Having just experienced the sorrowful and still very painful death of my beloved dog, I have learned that there are ways to console someone during this time of pain and ways not to.  (Human death or pets) You can say I have been a victim of bad consoling  by meaningful folks.  The best way to console is BE THERE for the hurting person and tell them you are praying for them on a daily basis and then actually pray.  A card is nice to send.  You can share your experience about grief BRIEFLY.  If you tell too much it then becomes about you. Say just enough to let them know you have been there....their grief is fresh and they need to hear only a little bit of your story.  You can ask if they'd like to talk about their loved one, for some it helps, but if they say no, leave it at that.  Understand that everyone handles grief differently, there is no right or wrong way and no time limit.

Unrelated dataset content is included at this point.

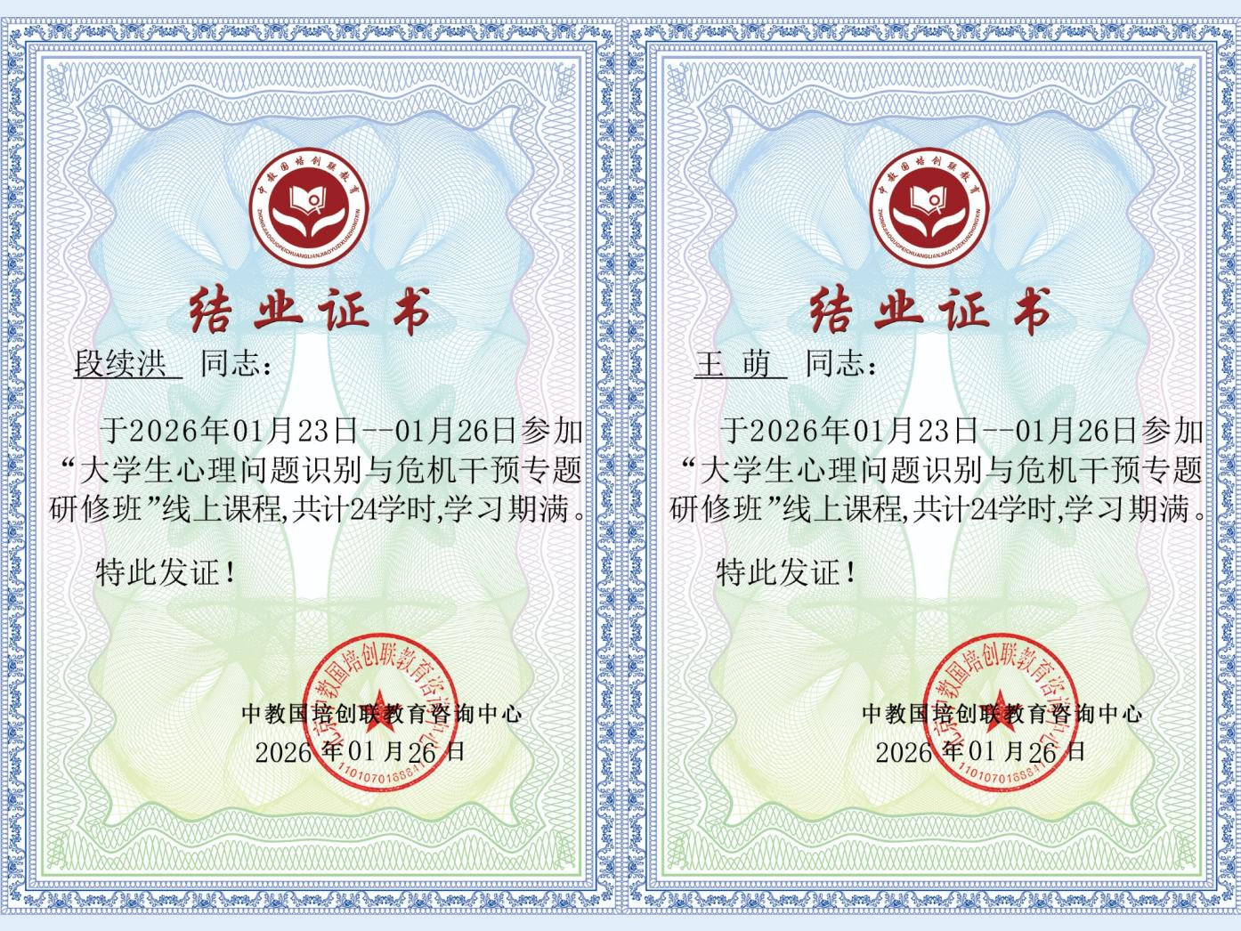 为进一步提升学院辅导员队伍的心理育人工作水平,增强对学生心理危机的识别与干预能力,筑牢校园安全防线,2026年1月23日—1月26日,建工学院辅导员段续洪、王萌参加了由中教国培创联教育咨询中心举办的《大学生心理问题识别与危机干预专题研修班》线上培训。

The worse thing to do is give them a sermon!   The next worse thing to do is tell them "it is time to get over it." (That just might be #1 in the things never to do...still deciding)   Never ever negate the death of a pet and the mourning process that goes with that.  Never assume they have finished grieving and dump a load of stuff on them, be considerate and ask how they are doing before engaging in conversation about things they probably do not care about anyway at a time like this.  Then, do not ignore the fact that someone has died.  If you are not good with words concerning death, just say "I am so sorry you are going through this, is there anything I can do?"  Most likely the answer will be "no", but isn't that better then saying nothing concerning the place they are in?  Like I said, everyone handles grief differently. All these things I have just mentioned are what I have experienced.  I wanted to share what works and what doesn't.  The sermons just made me mad!  For me, knowing my friends were there for me if I needed them, and that they were praying for me in my sorrow was a blessing.